Cerro de Pasco – Foto: david Gavidia

La performance de la Última Reyna, Miss Cerro de Pasco, es una puesta en escena de la disidencia. Esta disidencia ocurre y se practica desde varios ejes. Primero, desde la radicalidad de una propuesta performática que está adscrita a un territorio específico que es la ciudad minera de Cerro de Pasco, Perú, la cual es además un territorio que tiene como especificidad al tajo “Raúl Rojas” de 400 metros de profundidad.

Segundo, desde la exploración de los límites documentales y representativos de la performance como género. Es decir, la premisa documental y testimonial que hay en el trabajo de Elizabeth Lino y que se fusiona con la imagen de la reina de belleza. Dentro de esta propuesta, las redes sociales, los medios masivos y el internet son extensiones performáticas. Tercero, desde su planteamiento de un discurso disidente que se ancla en la memoria histórica de la ciudad, la cual pasó de ser un lugar de tránsito a convertirse en asentamiento minero para finalmente devenir en una concentración urbana problemática1, atravesada por una larga historia de lucha sindical y represión, por contaminación, pero también y, primordialmente, por afectos. Los afectos de sus pobladores quienes, pese a la dificultad de su entorno, han desarrollado un profundo amor por su ciudad. Entonces, ¿por qué tendría que ser problemática esta relación entre los habitantes y su ciudad? Parte de la respuesta se halla en la destrucción que supone la continua expansión del tajo y que obliga a la ciudad a mudarse, además de los altos índices de contaminación que merma la salud de los habitantes2. Sin embargo, no es la mudanza, ni siquiera el tajo, la dificultad más grande que los cerreños3 deben franquear. La lucha más apremiante está en la aplicación de políticas ambientales y de planificación urbana acordes con las necesidades de un territorio que tiene más de tres siglos de explotación minera y que es, literalmente, una herida en la tierra justo en medio del mapa peruano. Dichas políticas pasan por el reconocimiento de los problemas intrínsecos a la actividad minera en general y las condiciones históricas particulares de la minería en Cerro de Pasco. En el marco de un boom nacionalista que tiene como banderas el pisco y la gastronomía, y como racionalidad el crecimiento económico resultado de la explotación minera, el discurso de la Última Reyna es altamente impopular. Ella es una monarca que corta la música exitista del gobierno y los medios masivos para dirigir nuestras miradas hacia aquellas amplísimas áreas a las que la celebración no llega. Finalmente, el mensaje de Miss Cerro de Pasco subvierte el orden de la doctrina neoliberal que coloca el consumo por encima de la vida. Esta es la disidencia de una vida que quiere vivir antes que consumir.

Este proyecto creado por Elizabeth Lino bajo la dirección de Miguel Rubio tiene su origen en una ley dada en 2008 por el Estado Peruano que estipula surrealistamente la mudanza de la ciudad. Sobre esta realidad de emergencia urbana y ambiental, aparece el personaje:

Desde el año 2009 me auto-proclamo y corono como Miss Cerro de Pasco ‘La última Reyna’ de la Villa Minera y ciudad Real de Minas.
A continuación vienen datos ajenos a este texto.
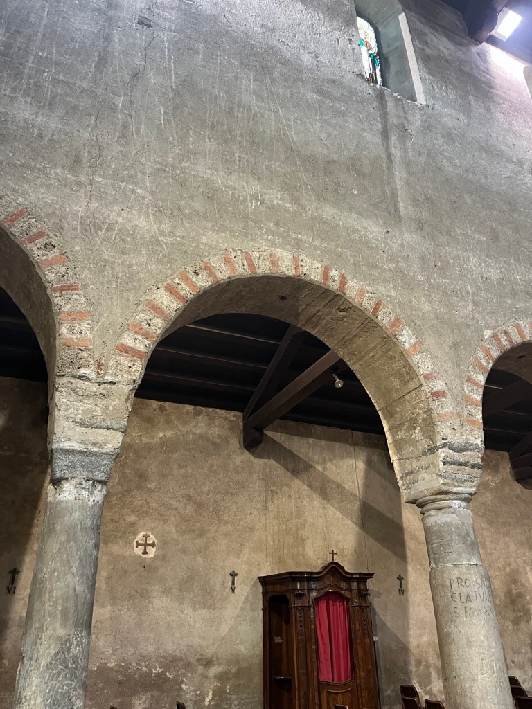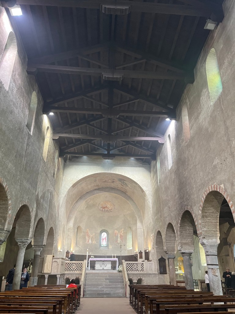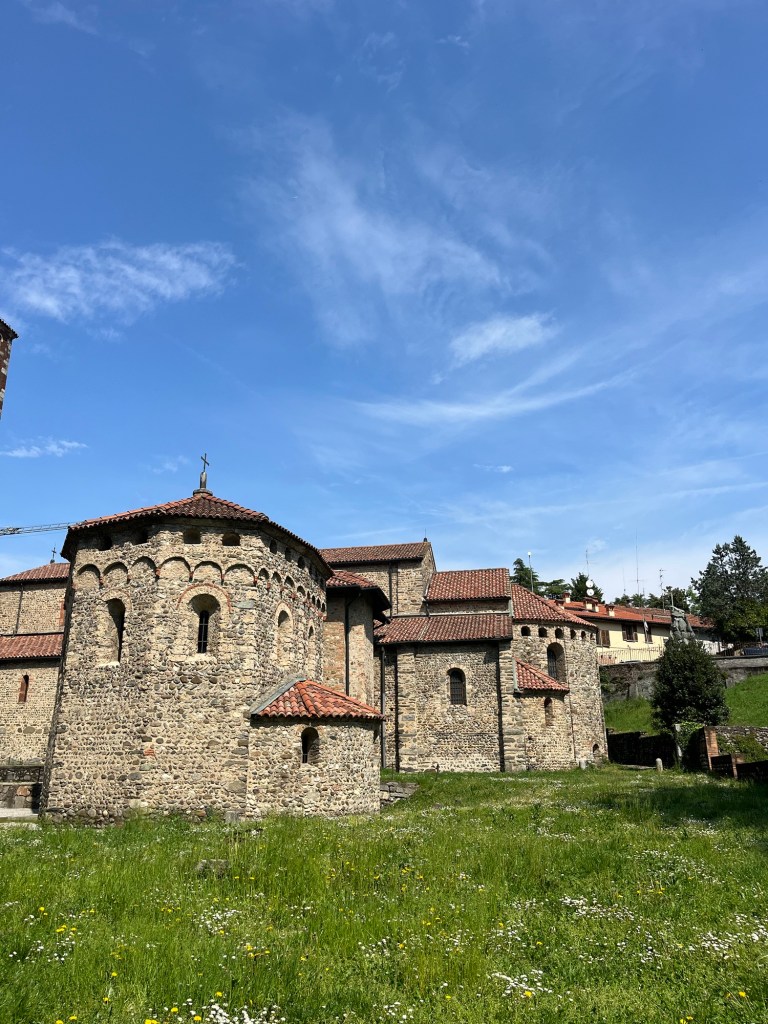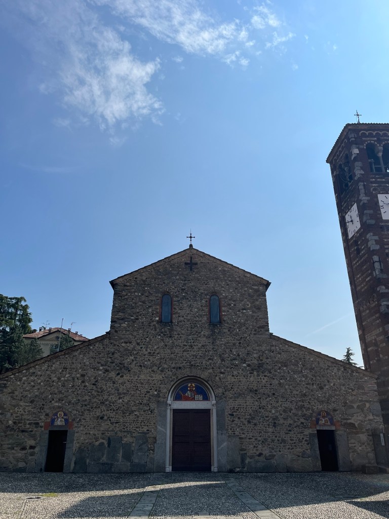 La sua origine risale all’XI secolo, anche se il sito possiede radici ancora più antiche. La basilica sorge infatti su un’area di culto precedente e testimonia la lunga continuità religiosa di questo angolo di Lombardia. L’edificio mostra con chiarezza i caratteri del romanico lombardo: linee essenziali, volumi armoniosi, murature in pietra e mattoni, decorazioni sobrie che affidano la bellezza soprattutto all’equilibrio delle proporzioni.

Última, porque esta ciudad, de acuerdo a lo decretado por el Estado Peruano (Ley 29293) debe mudarse. Mi reinado durará hasta que la nueva ciudad sea construida, entonces entregaré la corona a la nueva soberana”. Este auto-nombramiento es un gesto análogo a la continua titulación y retitulación por parte de la autoridad a esta ciudad4. De ello se deja constancia en el documento de identidad real.
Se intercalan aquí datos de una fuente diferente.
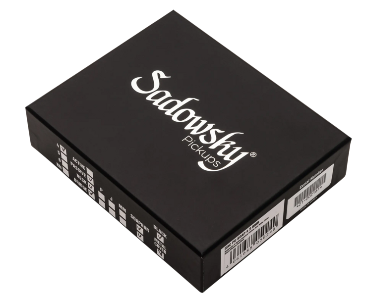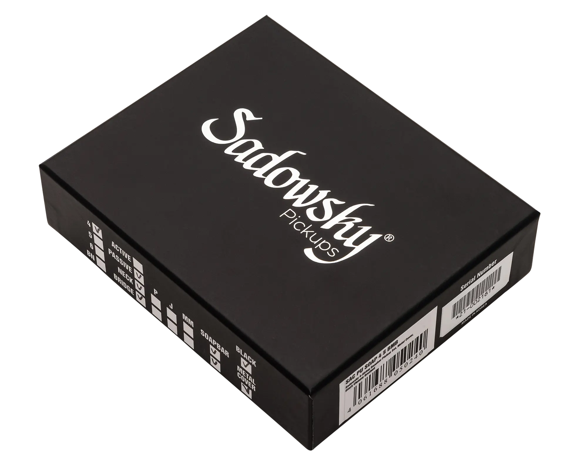 Passives Sadowsky Dual-Coil Soapbar Humbucker Bass Pickup Set (Hals und Steg) für 4-saitige Bässe. Enthält sowohl den Hals- als auch den Stegtonabnehmer (SAC PU SOAP 4 N BMB und SAC PU SOAP 4 B BMB). Zu den Merkmalen gehören in Reihe geschaltete Spulen, abgeschirmtes, 2-adriges Anschlusskabel, Ferrit Magnet mit Stahlklingen und eine gebürstete Metallabdeckung in Black Chrome.

 Lino utiliza la figura de la reina de belleza como ícono mediático representativo de una femeneidad nacional, cuya espectacularidad tiene como aliados la complacencia del público y la anuencia de los políticos.No es raro ver fotografías de reinas recientes con alcaldes, ministros y jefes de Estado. Porque esta belleza femenina, definida en términos muy limitados, es un complemento necesario para la galería de muñecos nacionalistas.

En ese sentido, Lino también resignifica la labor de promoción turística asignada a las misses para difundir la gravedad de todo aquello que se considera como “remanente” de la industria minera, es decir, los agujeros contaminantes, la acumulación de desechos, la contaminación de lagunas y ríos, el alto índice de suicidios en jóvenes. Para los especialistas estos fenómenos son “pasivos mineros”, para la Última Reyna son espacios simbólicos sobre los cuales se interviene a través de la performance y la difusión, enlazados a una memoria histórica local y a un repertorio de prácticas de resistencia cuya activación es constantemente acallada tanto por la empresa privada, como por el Estado, que le sirve de policía, y por los principales medios masivos que participan también del pastel minero.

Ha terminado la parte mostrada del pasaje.